[Task requirements] Restate word for word the lines in the listing below, starting at the line containing "Easter with a" and ending at the line containing "- Design: a", both included; leave out the rest.

[Records for this exercise]
_ _ _ _ _ _ _
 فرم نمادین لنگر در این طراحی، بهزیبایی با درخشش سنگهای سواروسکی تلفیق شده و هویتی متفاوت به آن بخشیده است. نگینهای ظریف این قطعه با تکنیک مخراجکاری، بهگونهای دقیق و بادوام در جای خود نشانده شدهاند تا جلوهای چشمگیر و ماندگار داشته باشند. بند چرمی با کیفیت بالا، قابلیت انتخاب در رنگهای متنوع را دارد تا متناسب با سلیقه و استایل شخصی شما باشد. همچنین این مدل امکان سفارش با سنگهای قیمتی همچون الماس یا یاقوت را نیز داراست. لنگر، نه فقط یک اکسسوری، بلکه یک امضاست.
_ _ _ _ _ _ _
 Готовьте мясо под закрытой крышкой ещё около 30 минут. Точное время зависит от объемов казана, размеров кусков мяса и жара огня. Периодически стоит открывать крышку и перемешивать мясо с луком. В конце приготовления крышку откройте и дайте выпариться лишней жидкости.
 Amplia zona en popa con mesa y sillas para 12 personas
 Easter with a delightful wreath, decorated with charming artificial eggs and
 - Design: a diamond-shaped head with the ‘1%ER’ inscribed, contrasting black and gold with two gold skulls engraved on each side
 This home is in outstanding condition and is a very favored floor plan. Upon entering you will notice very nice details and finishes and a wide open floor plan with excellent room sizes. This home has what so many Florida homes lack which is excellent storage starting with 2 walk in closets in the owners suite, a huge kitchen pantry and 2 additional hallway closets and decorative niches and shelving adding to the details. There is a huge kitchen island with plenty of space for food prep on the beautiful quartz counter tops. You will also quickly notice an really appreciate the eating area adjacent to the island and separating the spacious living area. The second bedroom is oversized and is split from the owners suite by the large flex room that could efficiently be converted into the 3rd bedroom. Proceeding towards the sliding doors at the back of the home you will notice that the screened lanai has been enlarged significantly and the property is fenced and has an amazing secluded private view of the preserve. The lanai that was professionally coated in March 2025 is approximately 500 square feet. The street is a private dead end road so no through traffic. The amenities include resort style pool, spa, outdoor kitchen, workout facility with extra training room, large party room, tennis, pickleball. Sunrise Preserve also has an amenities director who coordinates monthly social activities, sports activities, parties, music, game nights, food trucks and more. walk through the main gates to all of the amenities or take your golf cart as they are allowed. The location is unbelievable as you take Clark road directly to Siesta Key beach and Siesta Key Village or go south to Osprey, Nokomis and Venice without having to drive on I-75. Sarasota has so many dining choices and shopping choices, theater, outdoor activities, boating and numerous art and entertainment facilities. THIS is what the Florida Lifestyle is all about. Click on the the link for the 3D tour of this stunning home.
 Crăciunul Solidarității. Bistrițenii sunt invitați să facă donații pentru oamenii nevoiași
_ _ _ _ _ _ _
[Exercise answer]
 Easter with a delightful wreath, decorated with charming artificial eggs and
 - Design: a diamond-shaped head with the ‘1%ER’ inscribed, contrasting black and gold with two gold skulls engraved on each side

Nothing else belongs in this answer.